• High CPU usage
• Workflows stop progressing
• Change requests stop progressing
• There may be database performance issues due to the rapid growth of Workpoint tables such as WP_PROCI.

• Oracle alert log (/u01/app/oracle/diag/rdbms/avdb/AVDB/trace/alert_AVDB.log): (rapid database growth)

ORA-1653: unable to extend table AVUSER.WP_PROCI by 8192 in tablespace DATA_1M

• aveksaServer.log file ($AVEKSA_HOME/wildfly/standalone/log/aveksaServer.log): (heavy workload)

0-01-24 10:09:03,430 [Worker_jobq#Normal#WPDS_30718] 
ERROR com.workpoint.services.impl.GenericServiceImpl - Numeric Overflow

• WorkPoint.log file ($AVEKSA_HOME/wildfly/standalone/log/WorkPoint.log):

2020-01-21 10:29:13,403 [Worker_jobq#Normal#WPDS_8] 
ERROR com.workpoint.server.monitor.JobMonitorHelper  - 
doCreateJobs() failed creating Split Node Job for Split ID 671879 in node 136338560:WPDS 
in parent Job 6251271:WPDS
java.sql.SQLException: BeanFactory not initialized or already closed - 
call 'refresh' before accessing beans via the ApplicationContext

• RSA Identity Governance & Lifecycle 7.1.1 P04
• RSA Identity Governance & Lifecycle 7.2.0

Customers who have encountered this issue should be strongly encouraged to patch to a version where this is resolved. Even if a particular event self resolves the severity of future events cannot be predicted.

NOTE: Until you are able to upgrade, you can use the tools provided in RSA Knowledge Base Article 000038546 -- Queries to detect workflows and change requests that could overload the Workpoint Server in RSA Identity Governance & Lifecycle to monitor the system for change requests or workflows that may potentially cause this issue. 

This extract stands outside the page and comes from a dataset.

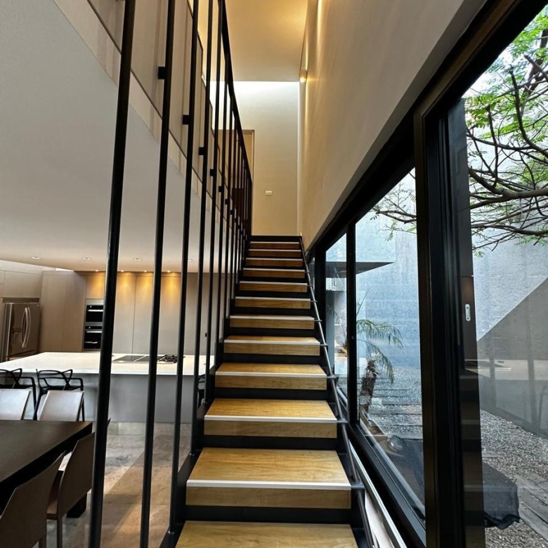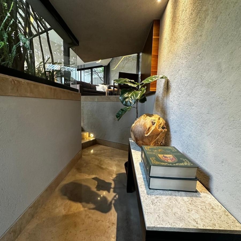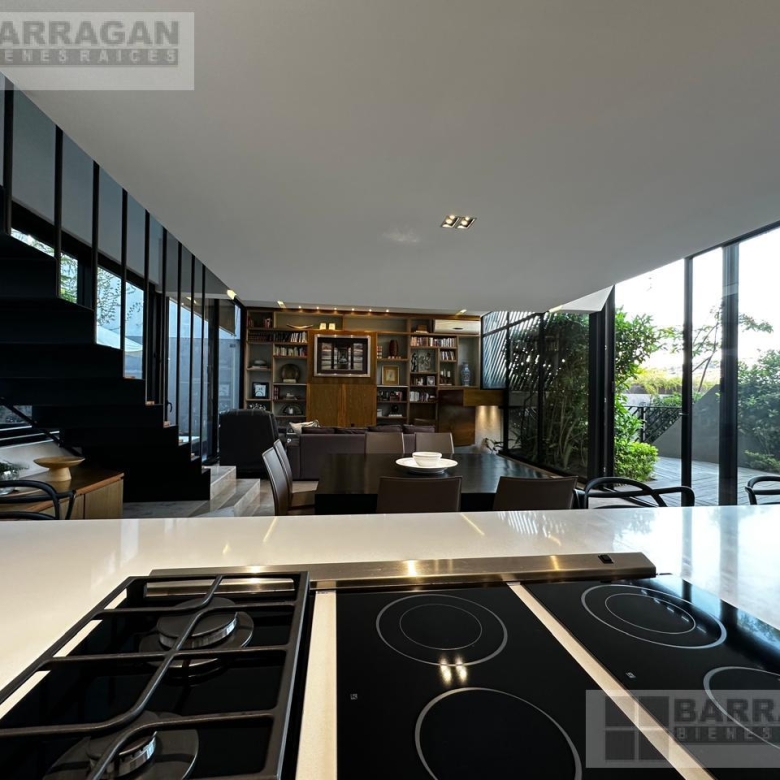 Moderna casa en un entorno tranquilo, excelentes acabados minimalistas, pensada para una persona o pareja, en planta baja está una estancia, sala y comedor que se integran con un librero hecho a medida para la televisión, cocina abierta americana con electrodomésticos de primera, dos terrazas interior y exterior con una bella vegetación, medio baño de visitas y área de servicio.
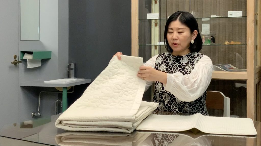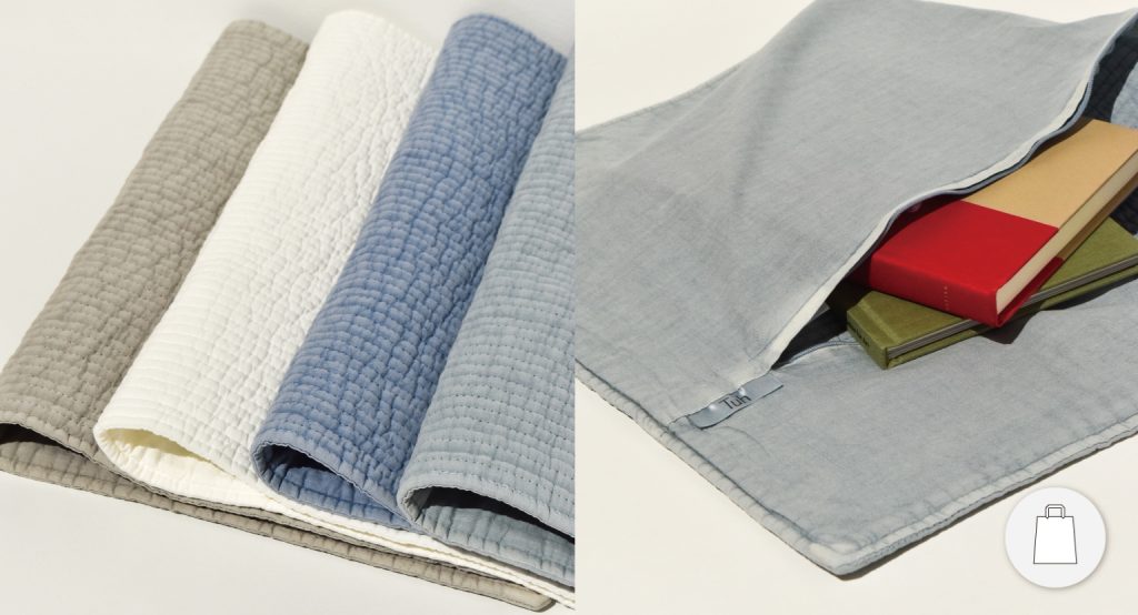 もともとこれを扱っているKitは、このイブルをいち早く扱い始めたお店。京都にあるセレクトショップなんですけど、店主さんの審美眼がすごくて、Kitがオープンした時からずっとファンで通い続けています。Kitの店主さんが韓国に買い付けに行く時に付いていったことがあって、その時市場のイブル屋さんに行って。イブルはサイズも色も縫った柄も色々ありますから、大きなものは寝る時に掛けたり、敷き布団にもなりますし、小さいものは膝掛けにもなりますね。枕カバーはその中に入れるサイズの枕を探すのが大変なので、小物入れに使ってね、とみんなにおすすめしているんです」

1. Detect and terminate the aberrant change request and/or workflow.
2. Cleanup the Workpoint monitoring queues. Be careful not to cancel any valid change requests and work that is in the Workpoint queues.

As avuser run the following SQL detection scripts:

• Script 1:  Execute this script three times replacing wp_[JOB or ALERT or SCRIPT] with wp_JOB_monitor, wp_ALERT_monitor, and wp_SCRIPT_monitor for each run.

select * from 
(select * from (Select wpi.cr_id, wpi.name, wpi.proc_state_id, job.* from wp_proci wpi join
(select proci_id, count(proci_id) as NUM_OF_WORK_IN_Q from wp_[JOB or ALERT or SCRIPT]_monitor 
group by proci_id 
having count(proci_id) > 5
order by count(proci_id)) job
on wpi.proci_id = job.proci_id) 
order by NUM_OF_WORK_IN_Q desc) LIVE
JOIN 
(select * from 
(with tbleA as (
select
PS.PROCI_ID,
ji.cri_id
from avuser.WP_PROCI_SPLIT ps
join avuser.T_AV_WFJOB_ITEMS ji 
on PS.PROCI_NODE_ID = JI.NODE_ID and JI.NODE_DB = PS.PROCI_NODE_DB and JI.SPLIT_ID = PS.SPLIT_ID
)
select distinct
cr.id,
cr.name,
cr.request_date,
cr.completed_date
from tbleA tmp
join AVUSER.WP_PROCI pi on tmp.PROCI_ID = pi.PROCI_ID
join AVUSER.PV_CHANGE_REQUEST_DETAIL crd on tmp.cri_id = crd.id
join AVUSER.PV_CHANGE_REQUEST cr on pi.cr_id = cr.id
join AVUSER.PV_CHANGE_REQUEST cr1 on CRD.CHANGE_REQUEST_ID = cr1.id
where PI.CR_ID != CRD.CHANGE_REQUEST_ID)) BAD
on LIVE.CR_ID = BAD.ID

• Script 2:

select cr.* from t_av_change_requests cr
where exists 
(select 1 from t_av_change_request_details crd 
where cr.id = crd.change_requests_id and crd.state = 'CA')
and not exists 
(select 1 from t_av_change_request_details crd 
where cr.id = crd.change_requests_id and crd.operand_type != 'RF' and crd.state != 'CA')
and cr.current_state = 'PV';

• You must immediately identify the change request that is affected and complete the cancellation of that request. Until the change request is fully cancelled the system may continue to degrade. It is important to contact RSA Identity Governance & Lifecycle Support as soon as possible to obtain a script to remediate the problem request(s) and get assistance on cleaning up the Workpoint monitor queues.
• Consider restoring to a known good database backup from a time before the issue occurred.